Segment Start: Working data

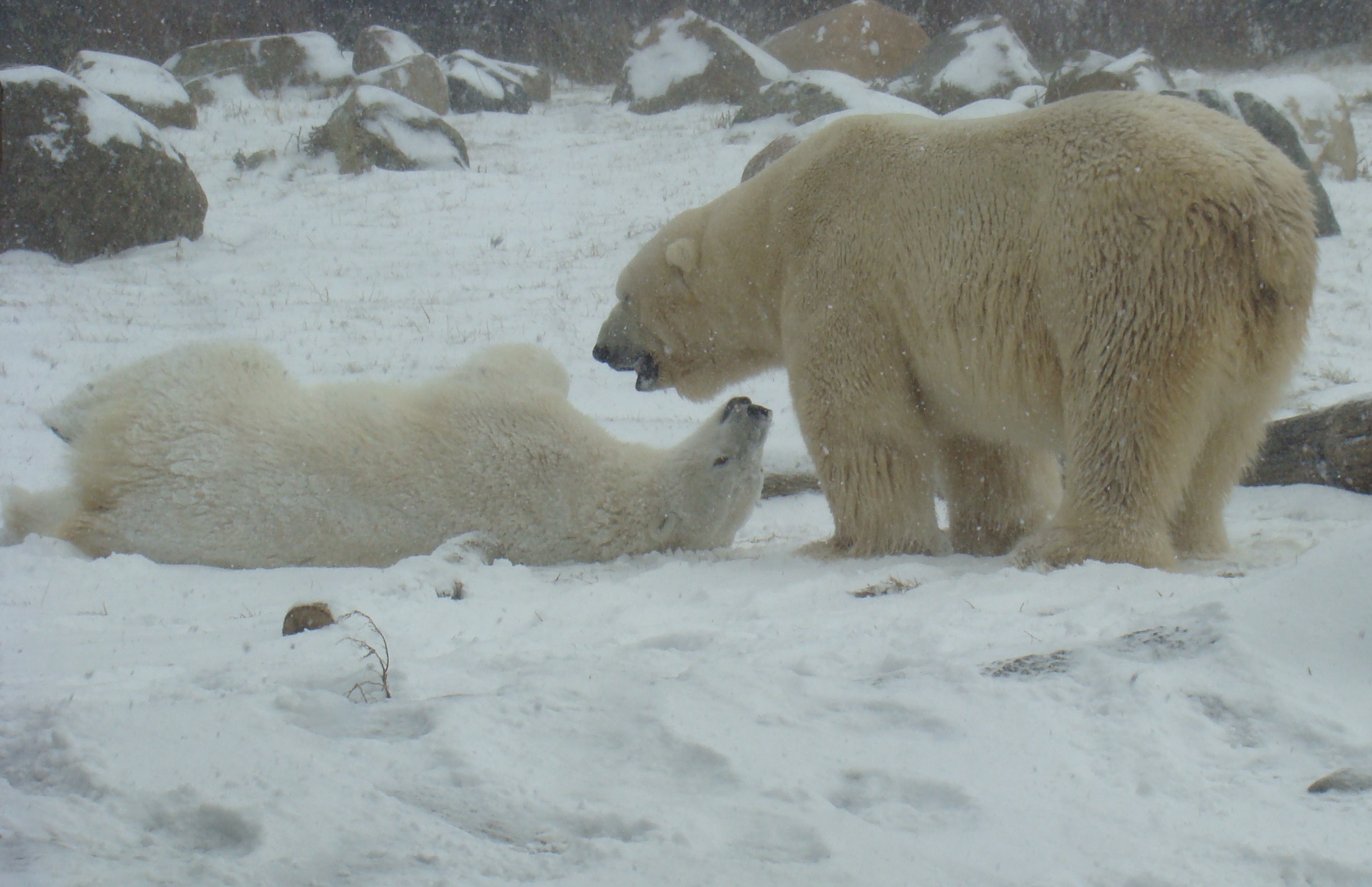 Visit North American’s Polar Frontier, which opened in 2010, to watch polar bears enjoy the new fallen snow. They like to be clean and dry as dirty fur provides little insulation, so they take a bath by rolling in the snow. Imagine the polar bears thought the weather perfect.
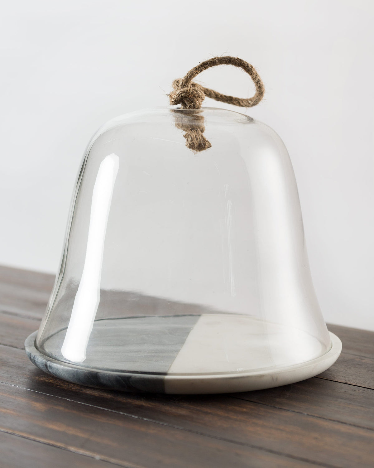 • With a tw-toned marble base and a glass dome topped with a little twine, this piece is perfect for housing desserts, cheese, or even your fruits
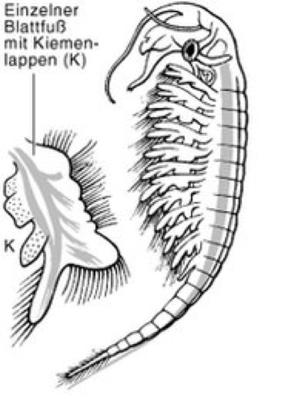 Anostraca [von griech. an- = nicht, ostrakon = Schale], Kiemenfußkrebse, Kiemenfüßer, von einigen Autoren als eigene Unterklasse der Krebstiere, von anderen als Ordnung der Branchiopoda aufgefaßt; ca. 175 Arten ( vgl. Tab. ). Kiemenfußkrebse sind urtümliche, weichhäutige Tiere mit langgestrecktem Körper ohne Carapax. Auf den Kopf folgen 11 (bei den Polyartemiidae 17 bis 19) Thorakomeren mit gleichartig gestalteten Blattfüßen (Blattbeine) und ein beinloses Abdomen aus 8 Segmenten, das mit einer Furca endet. Die beiden vordersten Abdominalsegmente (Abdomen) – oder, nach anderen Vorstellungen, die beiden letzten Thorakalsegmente (der Thorax hätte dann 13 Segmente) – sind verschmolzen und tragen die Geschlechtsöffnungen. Der Kopf trägt große, gestielte Komplexaugen und Naupliusaugen. Die 1. Antennen sind kurz und dünn, die 2. Antennen viel größer und bei den Männchen zu mächtigen, bizarren Klammerorganen (Greifantenne) umgestaltet, den sog. Stirnfortsätzen, die oft geweihartig verzweigt sind (Antenne, Abb.). Die Mandibeln sind einfache Endite ohne Palpen, die Maxillen sind klein und reduziert. Die meisten Arten sind 1 bis wenige cm lang, Branchinecta gigas in Nordamerika erreicht 10 cm. Die Kiemenfußkrebse schwimmen langsam mit dem Rücken nach unten; bei Gefahr können sie sich mit einem Schlag des Abdomens zur Seite schnellen. Beim Schwimmen schlagen die Blattfüße eines Paares synchron, und von hinten nach vorn verlaufen Bewegungswellen über die hintereinander liegenden Beinpaare. Dabei wird gleichzeitig Plankton filtriert, das über eine ventrale Nahrungsrinne nach vorn unter die große Oberlippe und schließlich in den Mund gebracht wird. Alle Arten bewohnen Extrembiotope: das Salinenkrebschen, Artemia salina, Salzseen und Salinen, die meisten anderen Arten ephemere Gewässer, Schmelztümpel und ähnliches. Ihre Eier können (und müssen) austrocknen; sie fallen nach der ersten Gastrulationsphase in eine Diapause. Werden sie überschwemmt, entwickelt sich innerhalb weniger Tage ein Nauplius, der über zahlreiche Metanaupliusstadien heranwächst und dann in einer Metamorphose die larvale Bewegungsweise (Antriebsorgan ist die 2. Antenne) auf die adulte umstellt. Die Adulten leben nur wenige Wochen. Bei der Paarung umklammert das Männchen das Weibchen mit seinen modifizierten 2. Antennen und führt einen seiner beiden Penes in die weibliche Geschlechtsöffnung. Die mit einer festen Schale umgebenen Eier werden zunächst in einer Erweiterung der Genitalsegmente getragen, bevor sie herausfallen. Chirocephalus (Siphonophanes) grubei ist in Mitteleuropa eine Frühjahrsart, die gleich nach der Schneeschmelze auftritt, Branchipus stagnalis ( vgl. Abb. ) eine Sommerart, die von April bis September vorkommen kann. Tanymastix lacunae, in Mitteleuropa im Eichener See bei Schopfheim, entwickelt sich bei Temperaturen unter 16° C. Gliederfüßer; ä Ernährung .
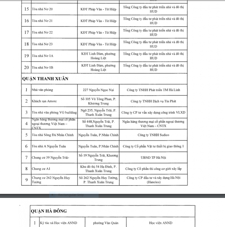Bên cạnh đó, danh sách công khai đợt 3 lần này còn có các công trình như: Tòa nhà 27 Huỳnh Thúc Kháng của Công ty CP ĐT và QL BĐS UDIC tại số 27 Huỳnh Thúc Kháng (phường Láng Hạ, quận Đống Đa); Chung cư số 6 Đội Nhân tại quận Ba Đình của Công ty CP tập đoàn đầu tư Ba Đình; Viện Quy hoạch đô thị nông thôn tại số 10 Hoa Lư (phường Lê Đại Hành, quận Hai Bà Trưng) của Bộ Xây dựng; Chung cư Newtatco tại khu 7,2ha Vĩnh Phúc (quận Ba Đình) do Công ty TNHH MTV ứng dụng công nghệ mới và du lịch làm chủ đầu tư.
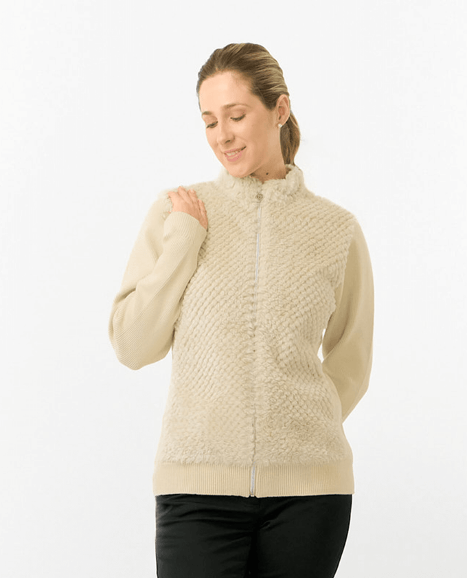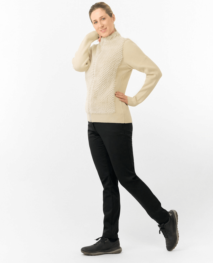 • PURE GOLF Ellisa Knitted Zipped cardigan with faux fur front 508 Limestone
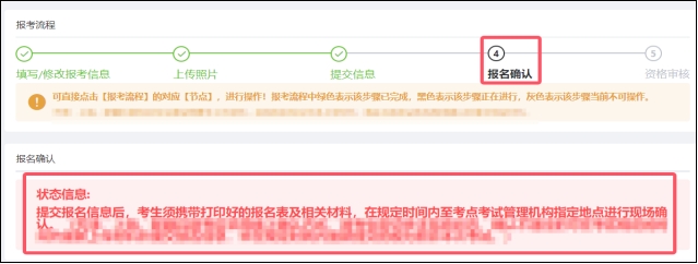 提交報(bào)名信息后,考生須按照當(dāng)?shù)乜荚嚬芾頇C(jī)構(gòu)的要求,在規(guī)定的時(shí)間內(nèi),攜帶報(bào)名表和相關(guān)材料前往指定地點(diǎn)進(jìn)行報(bào)名確認(rèn)。經(jīng)報(bào)名點(diǎn)或考點(diǎn)確認(rèn)報(bào)名信息后,“報(bào)名確認(rèn)”節(jié)點(diǎn)變?yōu)榫G色。
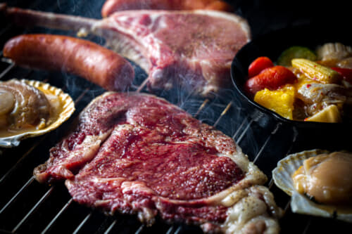子供用にはオプションから「キッズBBQ」のセットを追加注文することができますが、今回はお肉屋さんとスーパーで買ってきたウィンナーやお惣菜も少し足しつつ、大人用のステーキをシェアして食べました。
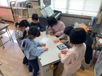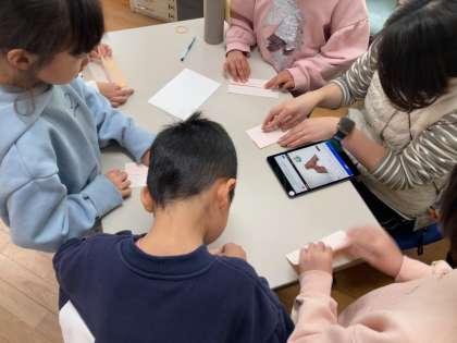 折り紙でおすもうさんを作るためにみんなで折り方の動画を見ています。
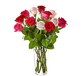 Leave her breathless with this bouquet of 18 mixed colour roses, artfully arranged in a glass cubed vase with added greens. Colours include red for love, white for purity and innocence, and pink for affection and happiness. Please note that cube vase may vary regionally across Canada.
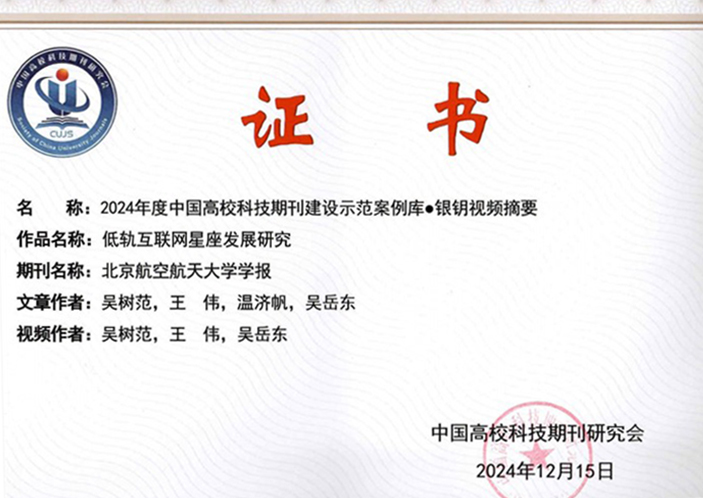 《低轨互联网星座发展研究》入选首届中国高校科技期刊建设示范案例库•银钥视频摘要。
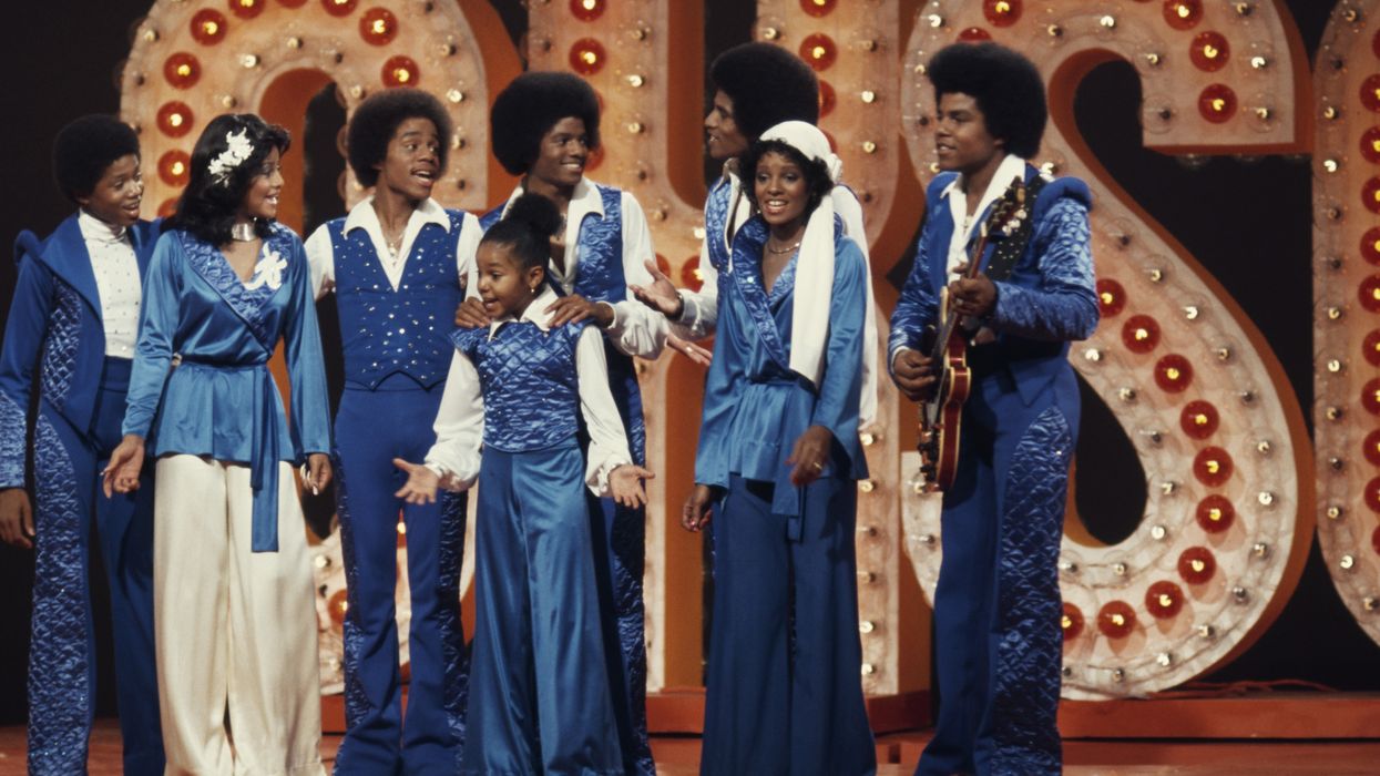 The Jackson family film a tv show at Burbank Studios, California, 13th November 1976. From left to right, Randy, La Toya, Marlon, Janet, Michael (1958 - 2009), Jackie, Rebbie and Tito.
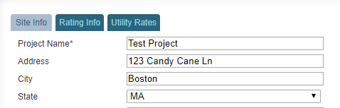 You will see three tabs: Site Info, Rating Info, and Utility Rates.
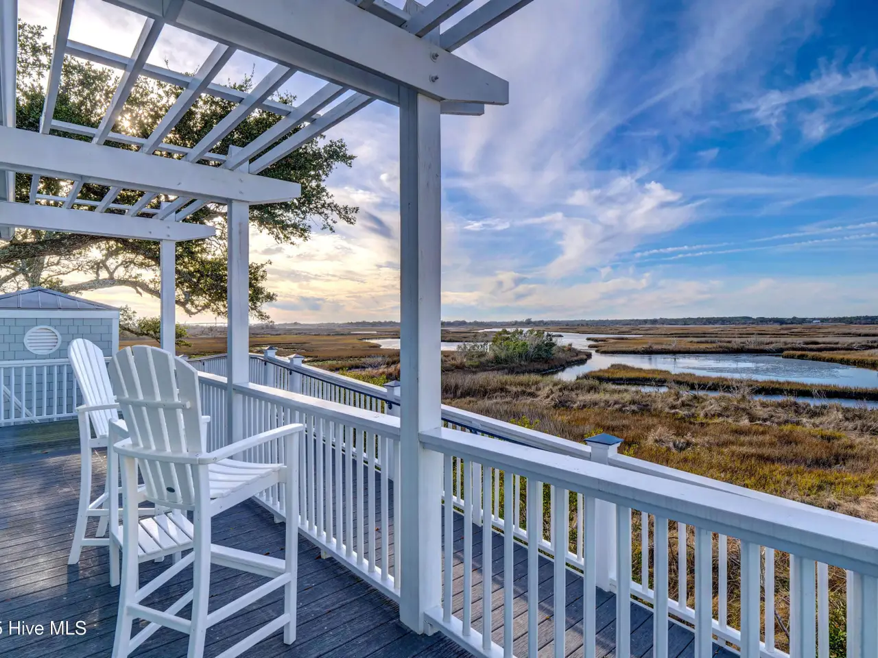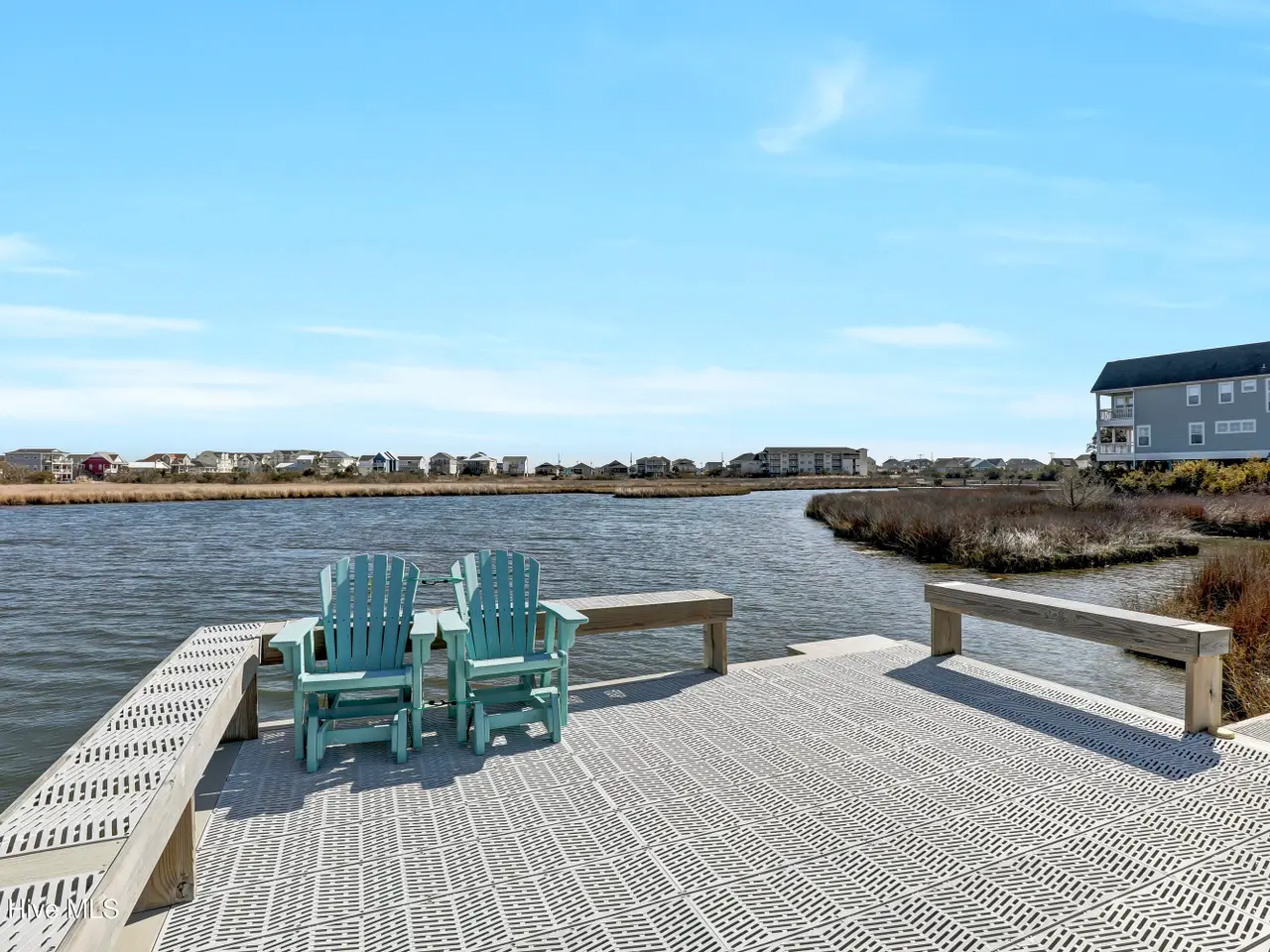 Stunning 4-bedroom, 4-bathroom Sound side waterfront townhome with 2,656 square feet of open living space. Standout features of this home are the incredible views from multiple decks and every room throughout the home, along with the expansive private dock with a spacious sun deck ideal for enjoying sunsets & hosting gatherings by the water. Inside, you'll find luxurious details such as custom living area built-in cabinetry installed in March 2025, 9-ft ceilings, wood flooring, a gas fireplace, and large windows that enhance the natural light. The gourmet kitchen area features granite countertops & bar with seating, stainless steel appliances, and a pantry. The living room and dining room are blended into one, and a large table makes it the perfect place to host. The primary suite is a true sanctuary, with amazing water views from inside & the private balcony. With a walk-in closet and an updated bath complete with a stand-alone tub, tiled shower, and dual vanity, this room is truly exquisite. The additional two upstairs bedrooms include an en-suite bathroom, and the first-floor bedroom/office offers additional versatility.Designed with coastal living in mind, there are new custom hurricane shutters providing peace of mind and protection throughout the year. The home also includes an outdoor shower, and access to a community pool/clubhouse with more fantastic marsh and water views. Located in a cul-de-sac setting, the property is close to public beach accesses, local dining, and shopping, which offers both privacy and convenience. Sold furnished with some exceptions. No short-term rentals allowed.

Segment End: Working data

What you will do: Everything in the entries above except the pictures should be given again exactly.

Expected answer:
 Visit North American’s Polar Frontier, which opened in 2010, to watch polar bears enjoy the new fallen snow. They like to be clean and dry as dirty fur provides little insulation, so they take a bath by rolling in the snow. Imagine the polar bears thought the weather perfect.
 • With a tw-toned marble base and a glass dome topped with a little twine, this piece is perfect for housing desserts, cheese, or even your fruits
 Anostraca [von griech. an- = nicht, ostrakon = Schale], Kiemenfußkrebse, Kiemenfüßer, von einigen Autoren als eigene Unterklasse der Krebstiere, von anderen als Ordnung der Branchiopoda aufgefaßt; ca. 175 Arten ( vgl. Tab. ). Kiemenfußkrebse sind urtümliche, weichhäutige Tiere mit langgestrecktem Körper ohne Carapax. Auf den Kopf folgen 11 (bei den Polyartemiidae 17 bis 19) Thorakomeren mit gleichartig gestalteten Blattfüßen (Blattbeine) und ein beinloses Abdomen aus 8 Segmenten, das mit einer Furca endet. Die beiden vordersten Abdominalsegmente (Abdomen) – oder, nach anderen Vorstellungen, die beiden letzten Thorakalsegmente (der Thorax hätte dann 13 Segmente) – sind verschmolzen und tragen die Geschlechtsöffnungen. Der Kopf trägt große, gestielte Komplexaugen und Naupliusaugen. Die 1. Antennen sind kurz und dünn, die 2. Antennen viel größer und bei den Männchen zu mächtigen, bizarren Klammerorganen (Greifantenne) umgestaltet, den sog. Stirnfortsätzen, die oft geweihartig verzweigt sind (Antenne, Abb.). Die Mandibeln sind einfache Endite ohne Palpen, die Maxillen sind klein und reduziert. Die meisten Arten sind 1 bis wenige cm lang, Branchinecta gigas in Nordamerika erreicht 10 cm. Die Kiemenfußkrebse schwimmen langsam mit dem Rücken nach unten; bei Gefahr können sie sich mit einem Schlag des Abdomens zur Seite schnellen. Beim Schwimmen schlagen die Blattfüße eines Paares synchron, und von hinten nach vorn verlaufen Bewegungswellen über die hintereinander liegenden Beinpaare. Dabei wird gleichzeitig Plankton filtriert, das über eine ventrale Nahrungsrinne nach vorn unter die große Oberlippe und schließlich in den Mund gebracht wird. Alle Arten bewohnen Extrembiotope: das Salinenkrebschen, Artemia salina, Salzseen und Salinen, die meisten anderen Arten ephemere Gewässer, Schmelztümpel und ähnliches. Ihre Eier können (und müssen) austrocknen; sie fallen nach der ersten Gastrulationsphase in eine Diapause. Werden sie überschwemmt, entwickelt sich innerhalb weniger Tage ein Nauplius, der über zahlreiche Metanaupliusstadien heranwächst und dann in einer Metamorphose die larvale Bewegungsweise (Antriebsorgan ist die 2. Antenne) auf die adulte umstellt. Die Adulten leben nur wenige Wochen. Bei der Paarung umklammert das Männchen das Weibchen mit seinen modifizierten 2. Antennen und führt einen seiner beiden Penes in die weibliche Geschlechtsöffnung. Die mit einer festen Schale umgebenen Eier werden zunächst in einer Erweiterung der Genitalsegmente getragen, bevor sie herausfallen. Chirocephalus (Siphonophanes) grubei ist in Mitteleuropa eine Frühjahrsart, die gleich nach der Schneeschmelze auftritt, Branchipus stagnalis ( vgl. Abb. ) eine Sommerart, die von April bis September vorkommen kann. Tanymastix lacunae, in Mitteleuropa im Eichener See bei Schopfheim, entwickelt sich bei Temperaturen unter 16° C. Gliederfüßer; ä Ernährung .
Bên cạnh đó, danh sách công khai đợt 3 lần này còn có các công trình như: Tòa nhà 27 Huỳnh Thúc Kháng của Công ty CP ĐT và QL BĐS UDIC tại số 27 Huỳnh Thúc Kháng (phường Láng Hạ, quận Đống Đa); Chung cư số 6 Đội Nhân tại quận Ba Đình của Công ty CP tập đoàn đầu tư Ba Đình; Viện Quy hoạch đô thị nông thôn tại số 10 Hoa Lư (phường Lê Đại Hành, quận Hai Bà Trưng) của Bộ Xây dựng; Chung cư Newtatco tại khu 7,2ha Vĩnh Phúc (quận Ba Đình) do Công ty TNHH MTV ứng dụng công nghệ mới và du lịch làm chủ đầu tư.
 • PURE GOLF Ellisa Knitted Zipped cardigan with faux fur front 508 Limestone
 提交報(bào)名信息后,考生須按照當(dāng)?shù)乜荚嚬芾頇C(jī)構(gòu)的要求,在規(guī)定的時(shí)間內(nèi),攜帶報(bào)名表和相關(guān)材料前往指定地點(diǎn)進(jìn)行報(bào)名確認(rèn)。經(jīng)報(bào)名點(diǎn)或考點(diǎn)確認(rèn)報(bào)名信息后,“報(bào)名確認(rèn)”節(jié)點(diǎn)變?yōu)榫G色。
子供用にはオプションから「キッズBBQ」のセットを追加注文することができますが、今回はお肉屋さんとスーパーで買ってきたウィンナーやお惣菜も少し足しつつ、大人用のステーキをシェアして食べました。
 折り紙でおすもうさんを作るためにみんなで折り方の動画を見ています。
 Leave her breathless with this bouquet of 18 mixed colour roses, artfully arranged in a glass cubed vase with added greens. Colours include red for love, white for purity and innocence, and pink for affection and happiness. Please note that cube vase may vary regionally across Canada.
 《低轨互联网星座发展研究》入选首届中国高校科技期刊建设示范案例库•银钥视频摘要。
 The Jackson family film a tv show at Burbank Studios, California, 13th November 1976. From left to right, Randy, La Toya, Marlon, Janet, Michael (1958 - 2009), Jackie, Rebbie and Tito.
 You will see three tabs: Site Info, Rating Info, and Utility Rates.
 Stunning 4-bedroom, 4-bathroom Sound side waterfront townhome with 2,656 square feet of open living space. Standout features of this home are the incredible views from multiple decks and every room throughout the home, along with the expansive private dock with a spacious sun deck ideal for enjoying sunsets & hosting gatherings by the water. Inside, you'll find luxurious details such as custom living area built-in cabinetry installed in March 2025, 9-ft ceilings, wood flooring, a gas fireplace, and large windows that enhance the natural light. The gourmet kitchen area features granite countertops & bar with seating, stainless steel appliances, and a pantry. The living room and dining room are blended into one, and a large table makes it the perfect place to host. The primary suite is a true sanctuary, with amazing water views from inside & the private balcony. With a walk-in closet and an updated bath complete with a stand-alone tub, tiled shower, and dual vanity, this room is truly exquisite. The additional two upstairs bedrooms include an en-suite bathroom, and the first-floor bedroom/office offers additional versatility.Designed with coastal living in mind, there are new custom hurricane shutters providing peace of mind and protection throughout the year. The home also includes an outdoor shower, and access to a community pool/clubhouse with more fantastic marsh and water views. Located in a cul-de-sac setting, the property is close to public beach accesses, local dining, and shopping, which offers both privacy and convenience. Sold furnished with some exceptions. No short-term rentals allowed.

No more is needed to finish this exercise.